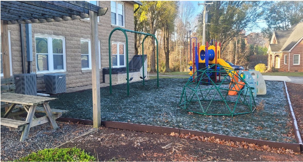
The new Playground

Thanks to all who helped with this pro- ject.
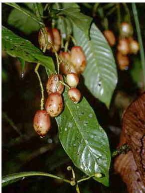
51 Chrysochlamys CLUSIACEAE
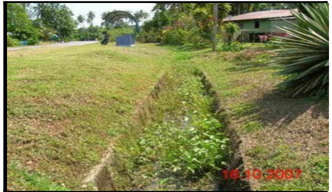
Film Batch : LJ07-04-046
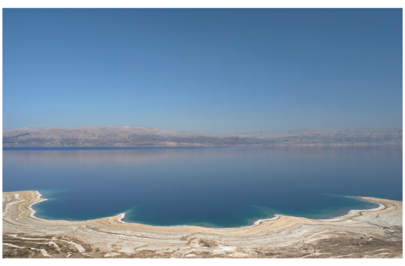
deadcalm distance 132 closeupatadistance 2016 series, 150 cm x 240 cm (unframed), Museo® Silver Rag archival photographic paper 300gsm images courtesy the artist and Kronenberg Wright Artists Projects, Sydney
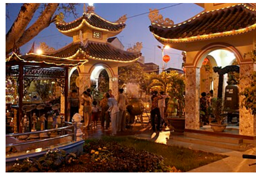
<u>Tet Vietnamese New Year</u> Festivities in Chau Doc, Vietnam.

Among the traditional holidays, the two most important and widely celebrated are the <u>Lunar new year (Tết)</u>, followed by the <u>Mid-autumn lantern festival</u> (<u>Tết Trung Thu</u>), although the latter has been losing ground in recent years.
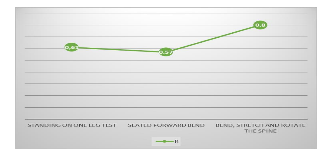
Figure (02) The graph of values of correlation coefficients between Nontransition skills and ADHD.

It is clear from Table (02) and figure (02) that the values of correlation coefficients between Non-transition skills and ADHD ranged between 0.57 and
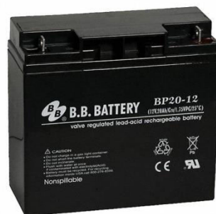
Fig. 2. Battery

3.Battery: Lead acid batteries are the most commonly used type of battery in photovoltaic systems. Although lead acid batteries have a low energy density, only moderate efficiency and high maintenance requirements, they also have a long lifetime and low costs compared to other battery types. One of the singular advantages of lead acid batteries is that they are the most commonly used form of battery for most rechargeable battery applications (for example, in starting car engines), and therefore have a well-established established, mature technology base. A lead acid battery consists of a negative electrode made of spongy or porous lead. The lead is porous to facilitate the formation and dissolution of lead. The positive electrode consists of lead oxide. Both electrodes are immersed in a electrolytic solution of sulfuric acid and water. In case the electrodes come into contact with each other through physical movement of the battery or through changes in thickness of the electrodes, an electrically insulating, but chemically permeable membrane separates the two electrodes. This membrane also prevents electrical shorting through the electrolyte.
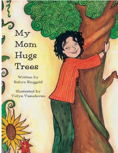
My Mom Hugs Trees

Do you think your Mom does strange things? Well, my Mom hugs trees, rescues bugs, sings with birds, and talks to flowers. Come meet my Mom. You might end up doing strange things too!
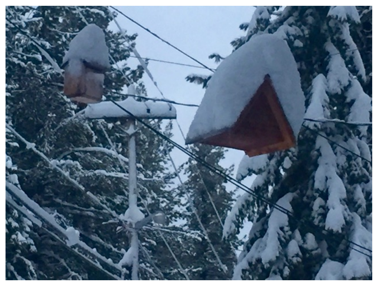
Power lines are drooping on Taylor Street in South Lake Tahoe on Jan. 13 and at many locations in the basin.
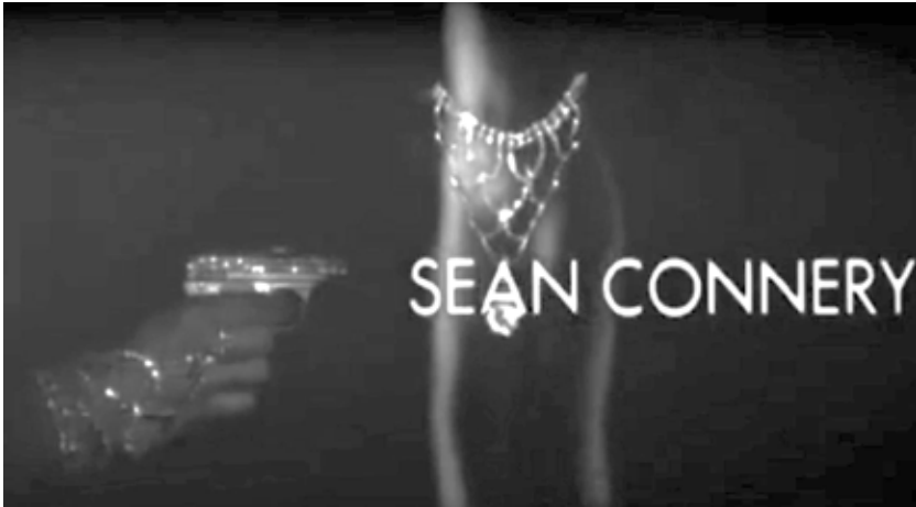
3. Title Credits from Diamonds Are Forever (UK: Guy Hamilton, 1971). Copyright of Eon Productions, United Kingdom; and Danjaq, LLC, United States of America.
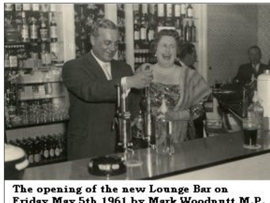
The opening of the new Lounge Bar on Friday May 5th 1961 by Mark Woodnutt M.P.
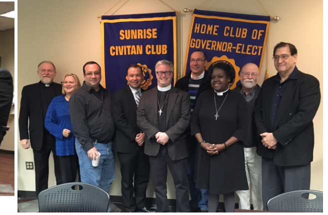
Clergy present Thank you for what you do!!!
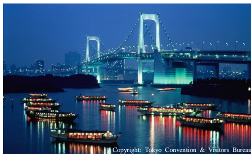
Night view of ODAIBA, near the conference site

The Fourteenth IAPR International Conference on Machine Vision Applications will be held at the MIRAikan: National Museum of Emerging Science and Innovation in Tokyo, Japan from May 18 through 22, 2015. The conference is co-sponsored by the MVA Organization, IAPR TC-8 and AIST JAPAN. The aim of this conference is to bring together researchers and practitioners from both academia and industry, and to stimulate the exchange of knowledge through intensive discussions on the cutting-edge research topics listed below.
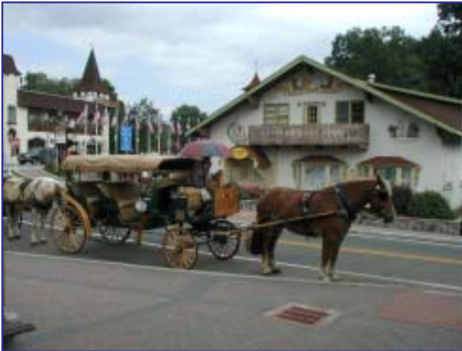
Horse and Buggy rides
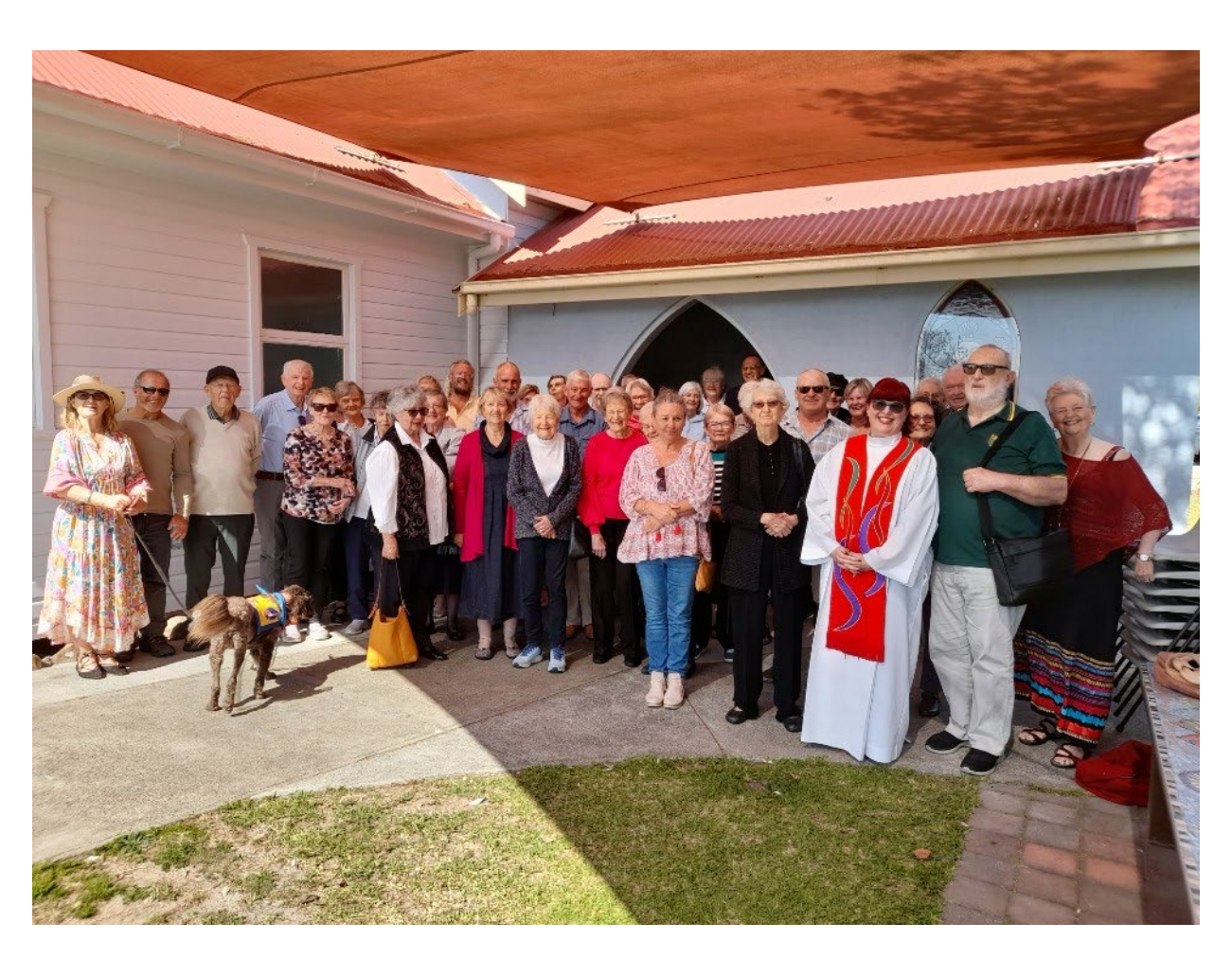
'To Enable All to Experience Life Giving Hope, Love and Faith'
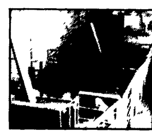
Solid Steel Nursery Penning

WE CAN CUSTOM FABRICATE EQUIPMENT TO MEET
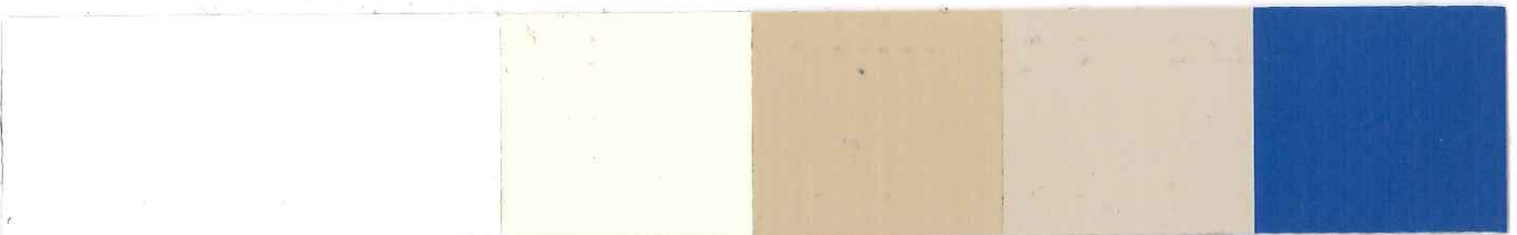
*001 White #101
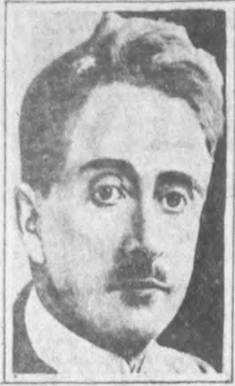
WILLIAM T. COSGRAVE
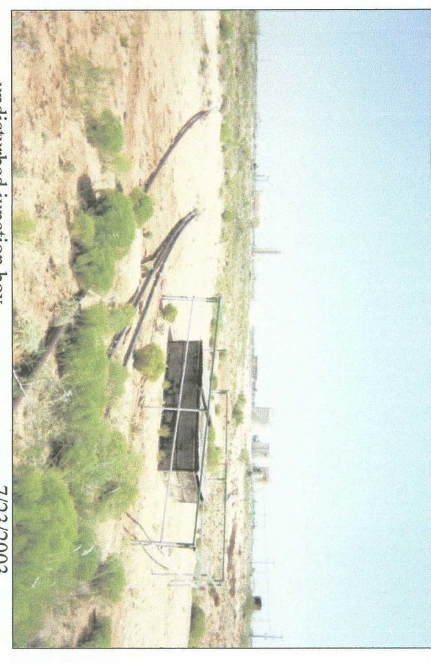
undisturbed junction box
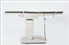
Maximum height : 111 cm
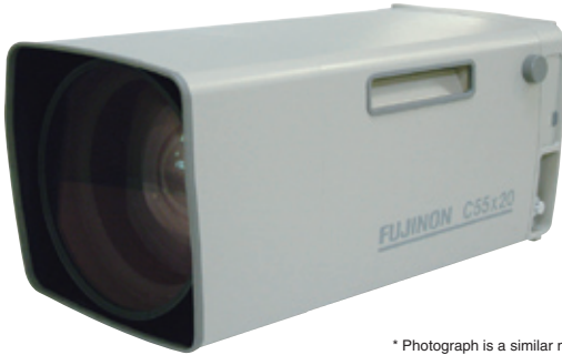
* Photograph is a similar model.
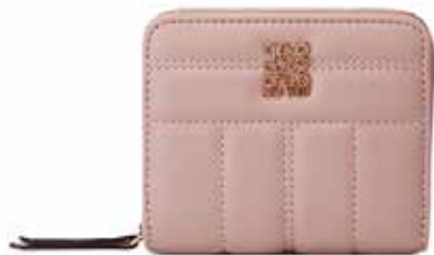
LELIANNA SLG SMALL ZIP AROUND
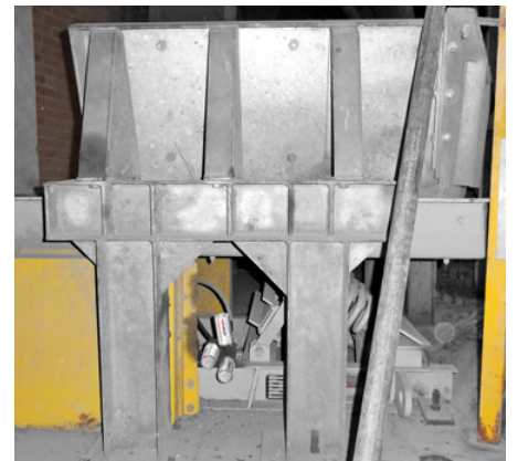
A vibrating conveyor lubricated by several 125 ml simalube lubricators.
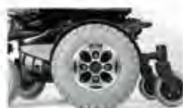
12, 14" or 14x3" Wheel Option
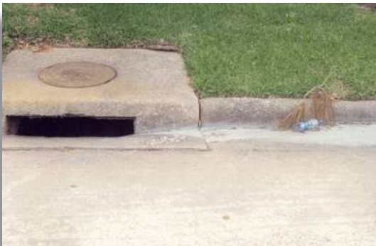
Potential outfall issue with presence of at least one physical indicator – paint stains
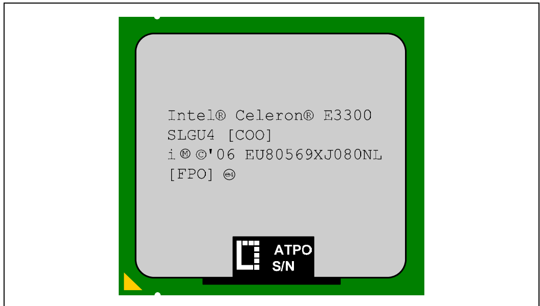
Figure 1. Processor Package Example
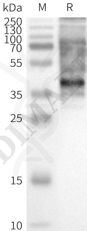
Figure 2. WB analysis of Human GPR65-Nanodisc with anti-Flag monoclonal antibody at 1/5000 dilution, followed by Goat Anti-Rabbit IgG HRP at 1/5000 dilution
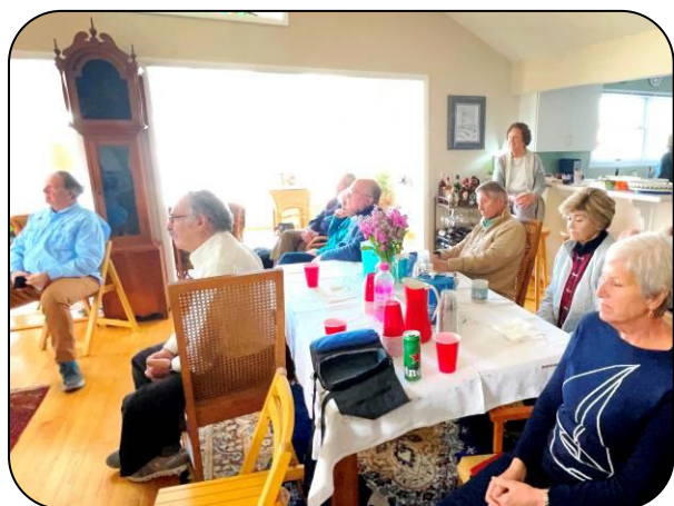
Skipper Participants – submitted by Emil Becker

Photographs submitted by George Hollendursky (Except as noted)
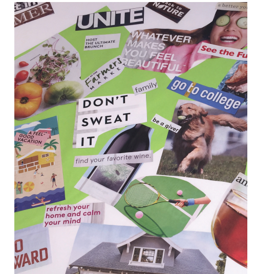
A "bucket list" collage.
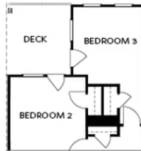
OPT Bedroom 3 - ONLY Available with Optional Sunroom
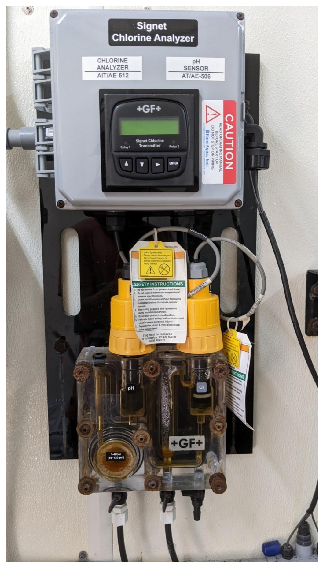
Figure 4. Faulty automatic chlorinator (GF Signet 4630 Chlorine Analyzer System)
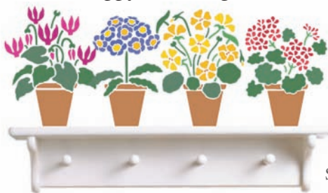
Stencils: Cyclamen Pot, Primrose Pot, Nasturtium Pot & Geranium Pot - botanicals

The most important key to successful stenciling is to use a very small amount of paint when loading the brush. Excess paint will seep under your stencil. For happy stenciling, less is more.
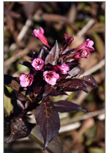
Fine Wine Weigela flowers
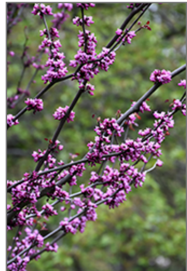
Merlot Redbud flowers
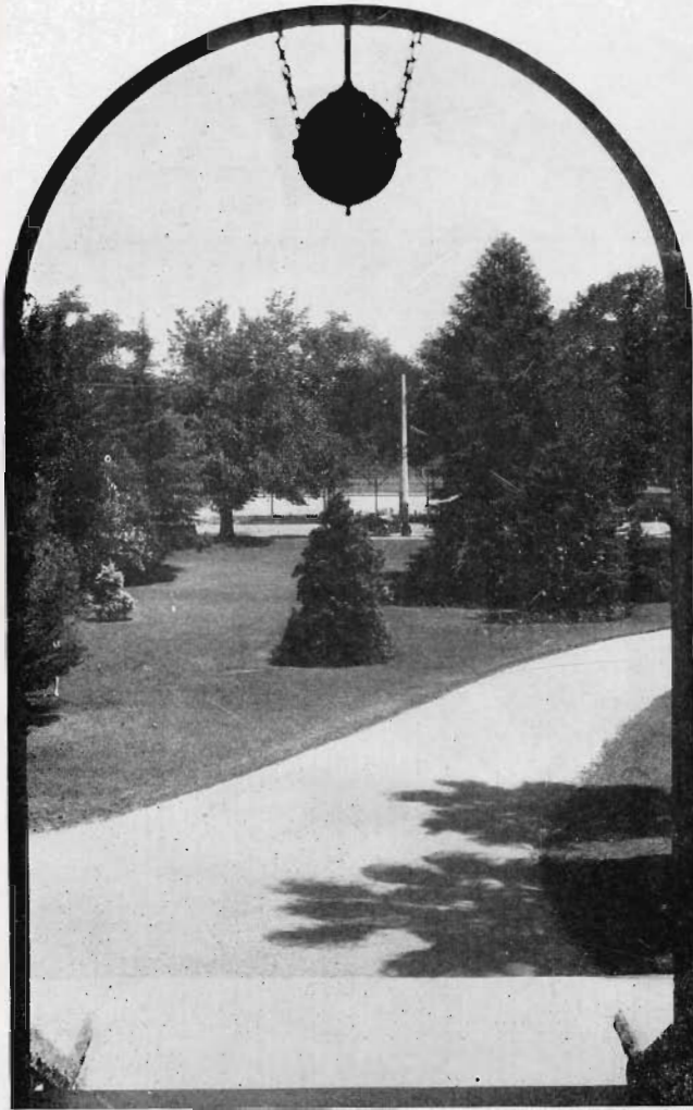
Looking Through the East Doorway Into the Glade
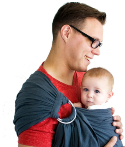
ComfortFit Sling Maya ComfortFit Shoulder
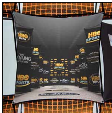
9. Replacement of other skins shapes, i.e., 1x3 or skin styles, i.e., double twists, uses the same concept. Change your skins, or remove to wash if dirty, once you've done it once it's simple. For complex skin configurations retain original photo or take a photo to help map replacement.
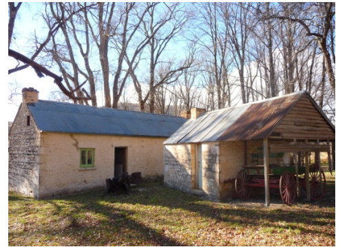
Blythburn cottage and kitchen at rear
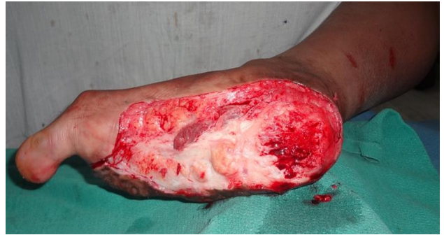
Figure 4b: After excision of the unstable scar.
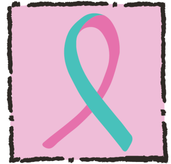
NW Region Breast & Cervical Cancer Project

The Northwest Region Breast and Cervical Cancer Project (BCCP) is a high-quality breast and cervical cancer screening and diagnostic program offered at no cost to eligible women in Ohio. In 2016, the Ohio Department of Health merged ten regions down to five, and we are now serving a total of 21 counties. Eligible women can still receive a no-cost pelvic exam, pap test, clinical breast exam, mammogram, and diagnostic testing if needed. A new component to the program in 2016 is Patient Navigation, which is offered at no-cost, and has no eligibility guidelines. Our patient navigators provide individualized support and assistance to help women overcome any barriers that may impede their access to breast and cervical screenings.
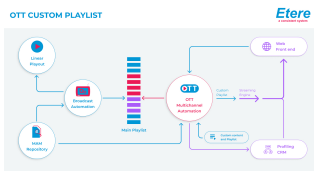
Etere OTT Delivery
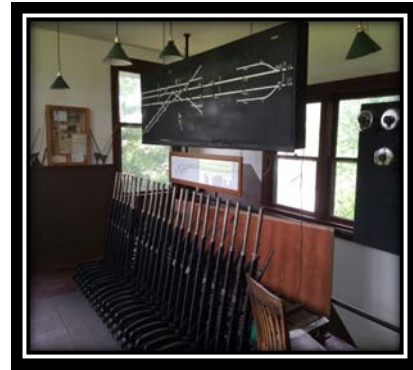
"BF" Model Board & Controls
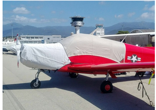
Siai Marchetti S.205/208 Canopy, Engine & Prop Covers
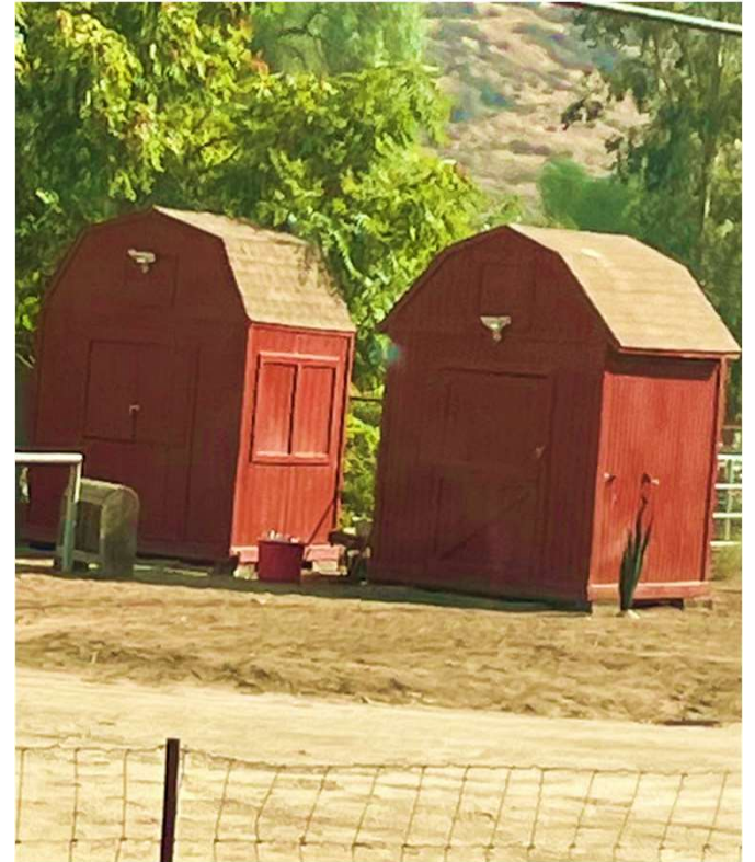
58.3 What color are the sheds?
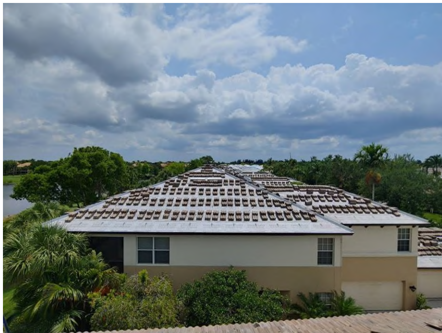
Photograph #10: Roof tiles were set in place for installation on building 21751.
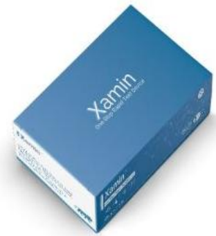
Diagnocure Syphilis Rapid Test Device
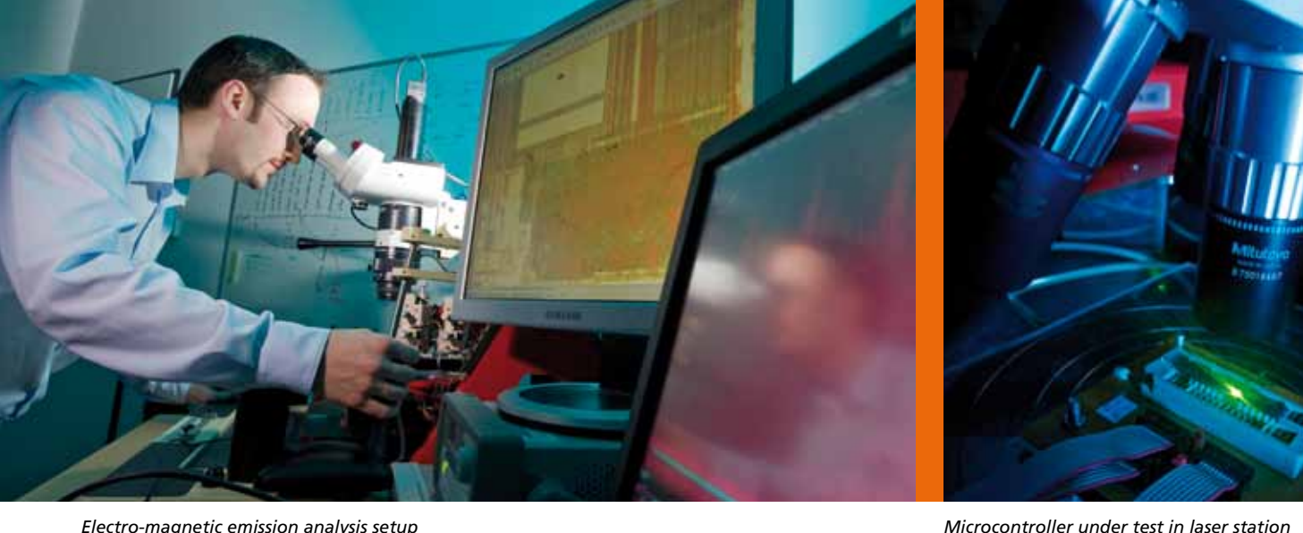
Electro-magnetic emission analysis setup

In a differential power analysis (DPA), the attacker uses statistics to analyze a system. For example, one can determine the secret key of a system by looking at a few hundred power traces. If the attacker collects several reference traces, he can compare these references with a recent power trace and thereby break the system under test within a few minutes. All the above mentioned methods are not restricted to power consumption traces, but can also be performed by analyzing electro-magnetic emission.
--- --- ---
Using the listing above, repeat word for word each line from the one with "Fine Wine Weigela flowers" down to the one with "NW Region Breast & Cervical Cancer Project", both included. Omit all pictures.

Fine Wine Weigela flowers
Merlot Redbud flowers
Looking Through the East Doorway Into the Glade
ComfortFit Sling Maya ComfortFit Shoulder
9. Replacement of other skins shapes, i.e., 1x3 or skin styles, i.e., double twists, uses the same concept. Change your skins, or remove to wash if dirty, once you've done it once it's simple. For complex skin configurations retain original photo or take a photo to help map replacement.
Blythburn cottage and kitchen at rear
Figure 4b: After excision of the unstable scar.
NW Region Breast & Cervical Cancer Project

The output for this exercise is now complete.